Aku tersentak setelah dia mengetahui namaku. Siapa dia? Kenapa dia bisa tahu namaku? Tidak aku sangka ternyata dia lebih tua dariku. Dia sudah punya suami dan satu anak. Ini yang kedua kalinya aku berpikir. Bagaimana jika aku sudah menikah nanti? Apa aku akan tetap muda seperti Brown dan dia? Memikirkan hal itu malah membuatku tambah pusing.

"Aku .. tidak punya perasaan seperti itu," jawabku datar. "Untuk apa kau menanyakan hal ini? Aku hanya gadis berdosa yang menginginkan dendamnya sirna dengan cara melenyapkan pembunuh orang tuaku.
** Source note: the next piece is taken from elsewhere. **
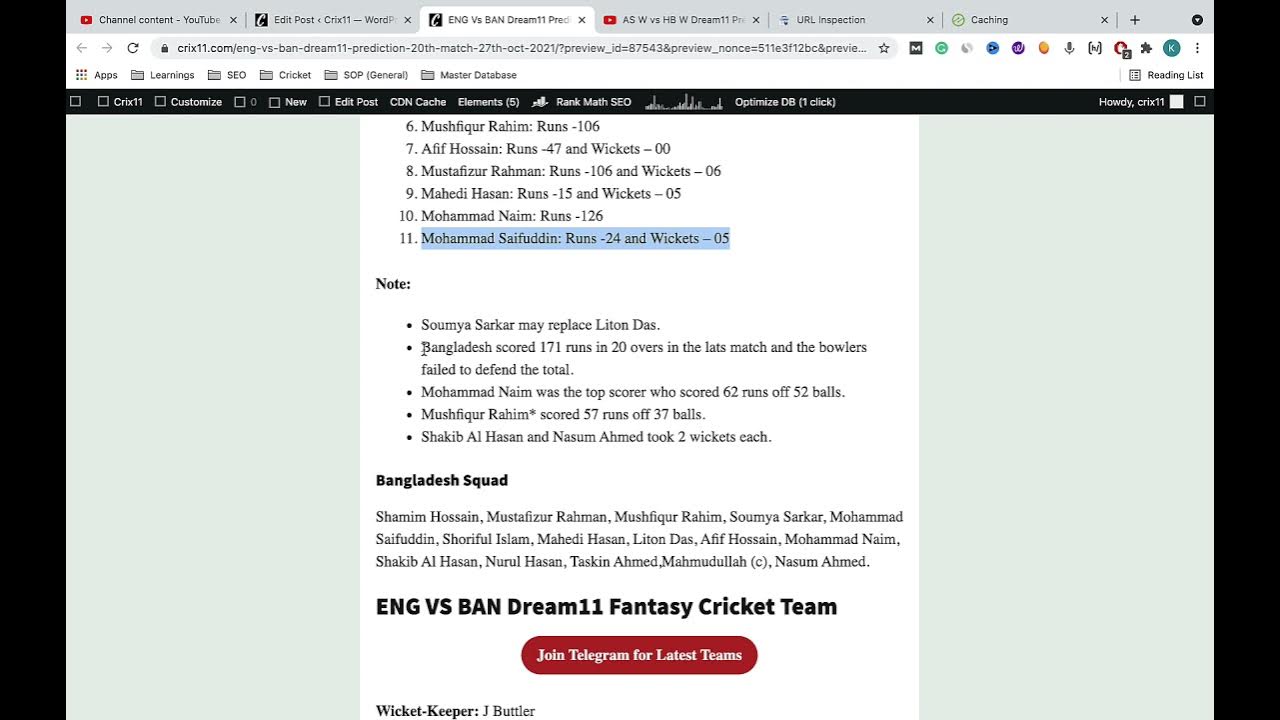 In this video, you will get all the information on ENG vs BAN Dream11 Team.

Tidak mungkin aku punya perasaan seperti itu. Jika memang aku akan jatuh cinta dengan seorang lelaki, itu hanya akan membebani diriku saja. Seperti aku terlalu sayang pada Ayah dan Ibu, namun dengan cepat mereka pergi dariku. Aku takut mengalami hal itu sekali lagi. Ditinggalkan. Aku ... hanya gadis lemah yang menginginkan kasih sayang. Memalukan. Bodoh. Tidak berguna."
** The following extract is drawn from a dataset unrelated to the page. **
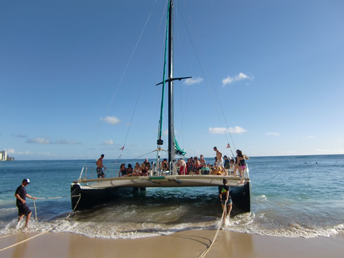 友人から すすめられ、日本から10人ほどで予約しました。乗り場がわかるか?不安もありました ワイキキビーチに行けばすぐわかり、集合から30分ほどで、出港!!ヨットなので めちゃくちゃ 気持ちが良く皆んな大満足!!
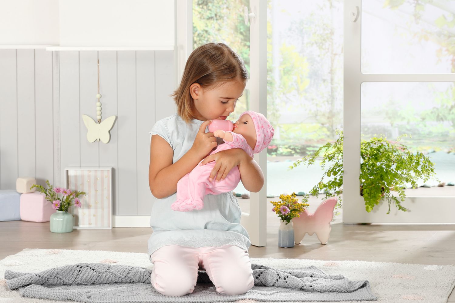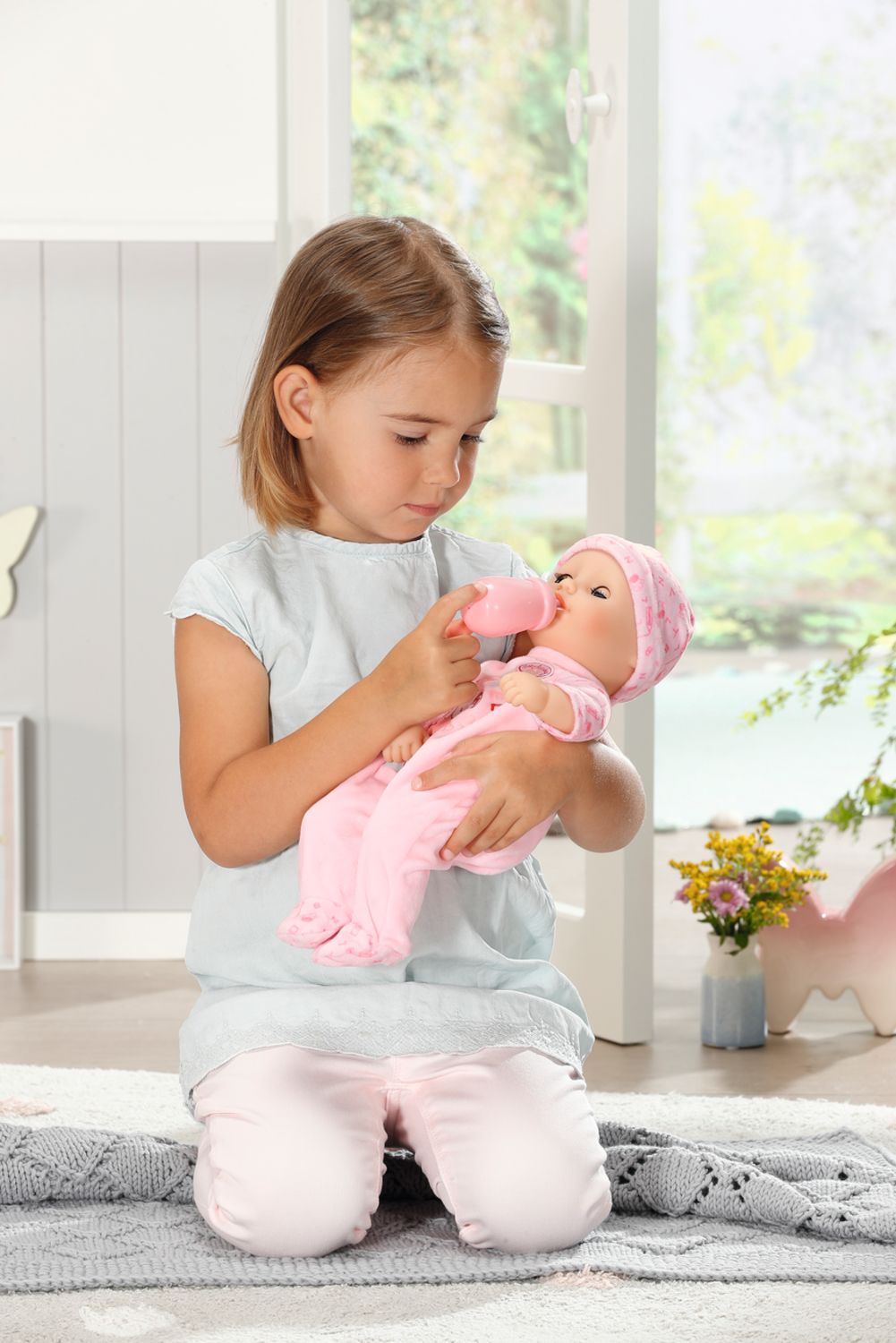 De kleine pop met het zachte, stoffen lichaam is inclusief flesje om een eerste rollenspel te stimuleren.

Sekali lagi dia memegang sebelah pipiku, namun ditambah dengan usapan pada dekat mataku. Setetes air mata yang turun dari mataku telah diusapnya lembut. Senyuman itu sedikit pudar dari bibir cerinya. Kedua mata berbeda warna itu memancarkan kesedihan dari air mataku atau mungkin perkataanku. Angin terasa hampir berhenti, seolah ikut merasakan kesedihanku yang tak berarti untuk dikasihani.

"Kau akan mempunyai perasaan seperti yang aku rasakan. Dendam bukan berarti kau tidak bisa jatuh cinta pada satu lelaki. Kau menganggap hal itu adalah beban, tapi sebenarnya perasaan itu ialah hiasan permanen dari hati dan hidup sampai matimu. Kau ditinggalkan oleh orang yang kau sayangi, tapi kau tahu, mereka sebenarnya sedang melihatmu, mereka sedang berada di sampingmu, dan hatimu. Kau baik-baik saja, mereka sudah sangat bahagia, apalagi jika melihatmu bahagia. Kehidupan dipisahkan oleh kematian, tapi tidak jika hati akan mengingat segala yang ada tentang mereka. Itulah yang dinamakan kasih."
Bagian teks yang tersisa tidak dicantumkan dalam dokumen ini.